:: Task to carry out ::
Would you print the lines below exactly, beginning at the line that has "China Daily |" and stopping after the line that has "GRSSDER Baby Blankets"? Only those lines, and no pictures.

:: Extracted entries ::

-*-

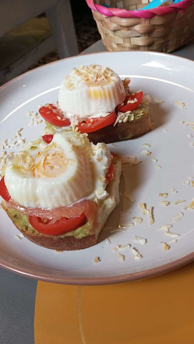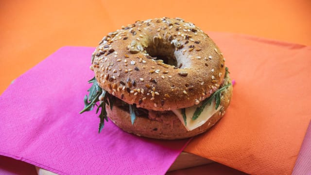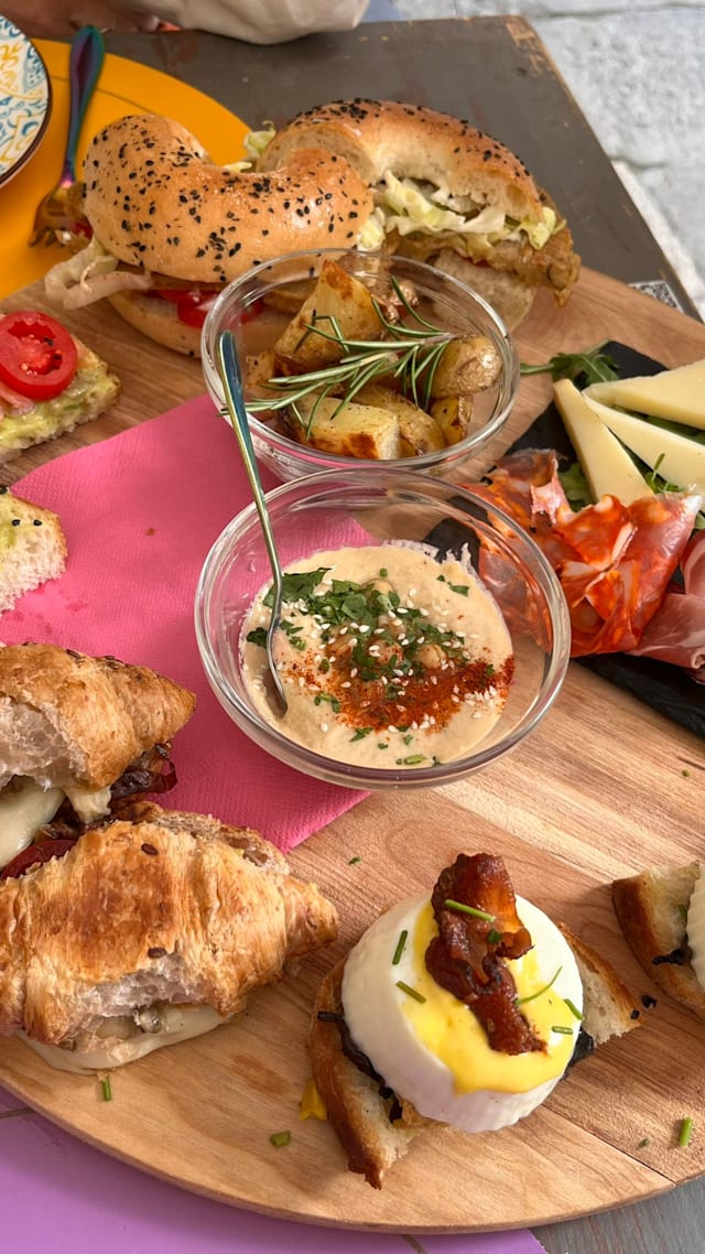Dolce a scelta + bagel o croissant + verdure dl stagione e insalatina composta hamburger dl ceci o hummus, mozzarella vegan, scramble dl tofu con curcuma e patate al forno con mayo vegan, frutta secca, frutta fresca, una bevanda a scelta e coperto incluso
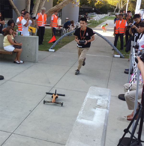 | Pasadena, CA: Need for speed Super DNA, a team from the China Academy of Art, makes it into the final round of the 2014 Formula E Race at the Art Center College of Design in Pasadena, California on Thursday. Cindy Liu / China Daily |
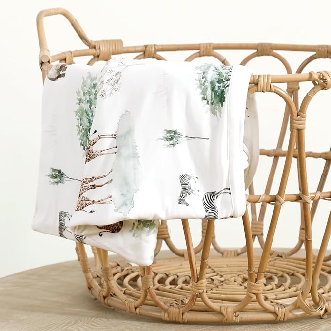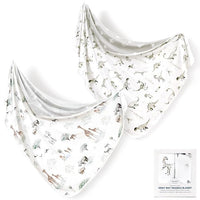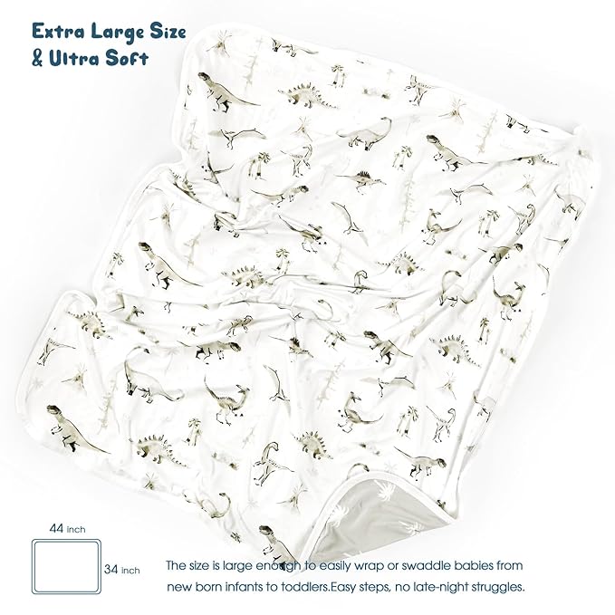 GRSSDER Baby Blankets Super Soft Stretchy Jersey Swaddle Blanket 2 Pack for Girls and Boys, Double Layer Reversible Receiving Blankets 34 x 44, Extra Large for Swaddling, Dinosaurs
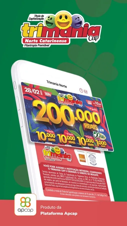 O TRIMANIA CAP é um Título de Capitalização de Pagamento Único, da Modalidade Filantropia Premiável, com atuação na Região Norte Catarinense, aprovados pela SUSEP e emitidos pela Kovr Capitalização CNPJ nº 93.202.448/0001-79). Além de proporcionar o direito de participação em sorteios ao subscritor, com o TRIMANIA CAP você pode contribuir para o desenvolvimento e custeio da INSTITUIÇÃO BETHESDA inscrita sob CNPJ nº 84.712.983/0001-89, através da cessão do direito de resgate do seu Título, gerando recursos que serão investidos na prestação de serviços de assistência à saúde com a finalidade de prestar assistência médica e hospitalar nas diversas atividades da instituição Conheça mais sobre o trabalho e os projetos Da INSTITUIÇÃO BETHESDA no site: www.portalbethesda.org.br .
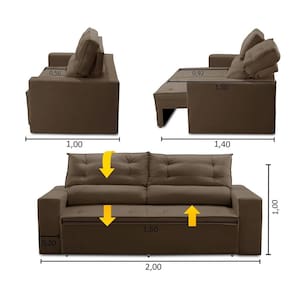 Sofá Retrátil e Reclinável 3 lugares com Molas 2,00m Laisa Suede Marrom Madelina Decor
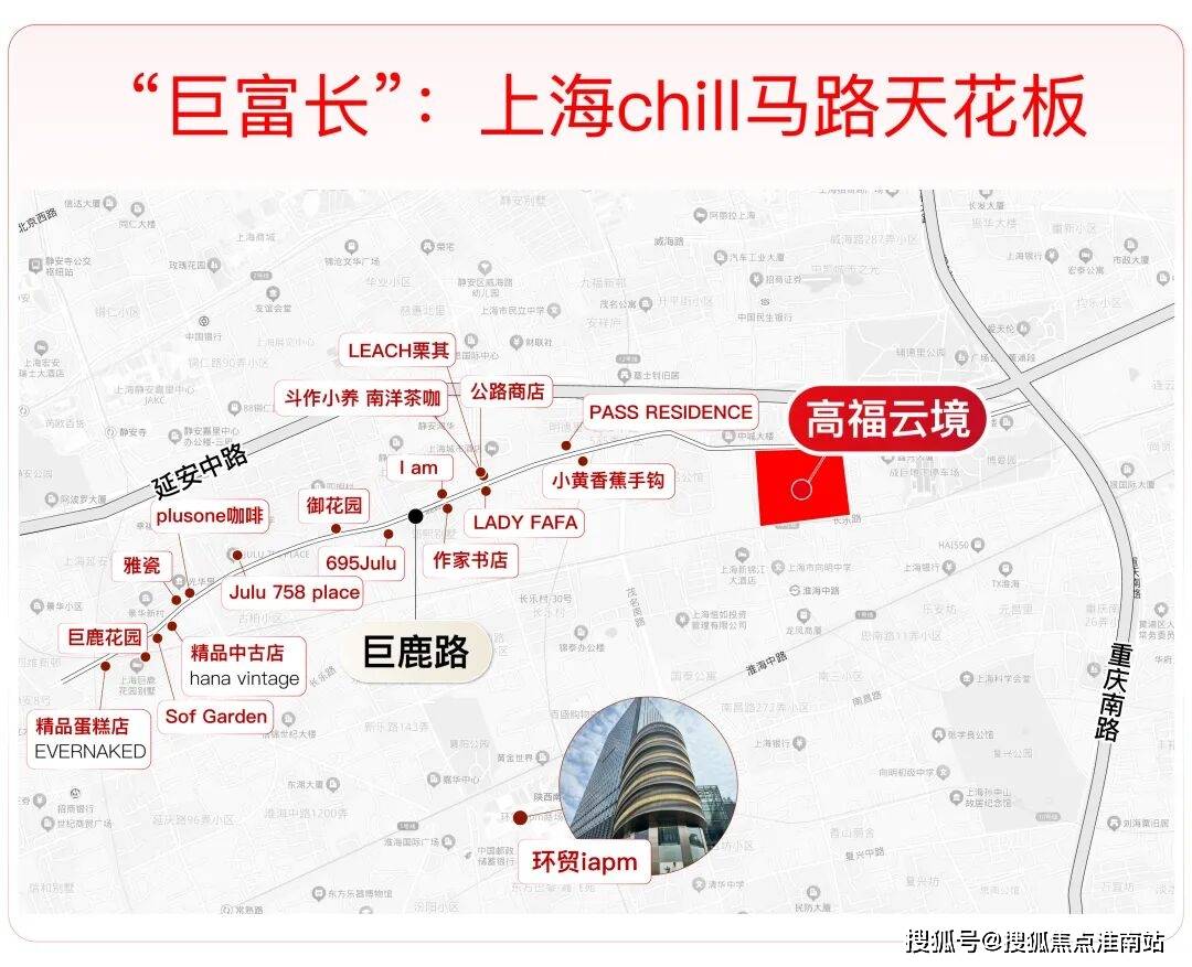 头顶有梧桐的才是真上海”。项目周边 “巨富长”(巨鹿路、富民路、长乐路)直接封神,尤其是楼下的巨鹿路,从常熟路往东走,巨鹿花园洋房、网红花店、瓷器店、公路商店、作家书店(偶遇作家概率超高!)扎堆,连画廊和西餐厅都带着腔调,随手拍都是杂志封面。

-*-

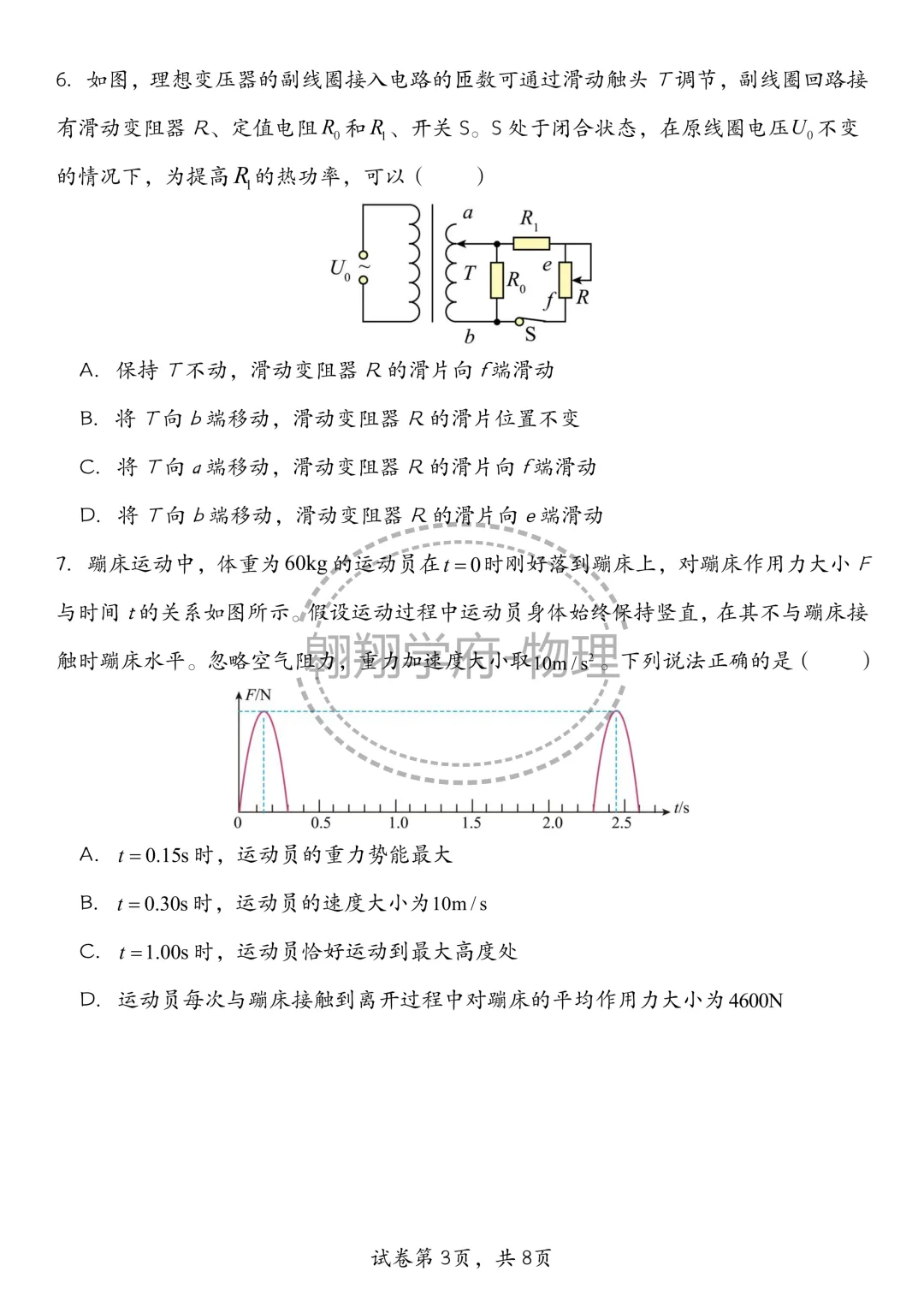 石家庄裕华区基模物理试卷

-*-

:: Final answer ::
 | Pasadena, CA: Need for speed Super DNA, a team from the China Academy of Art, makes it into the final round of the 2014 Formula E Race at the Art Center College of Design in Pasadena, California on Thursday. Cindy Liu / China Daily |
 GRSSDER Baby Blankets Super Soft Stretchy Jersey Swaddle Blanket 2 Pack for Girls and Boys, Double Layer Reversible Receiving Blankets 34 x 44, Extra Large for Swaddling, Dinosaurs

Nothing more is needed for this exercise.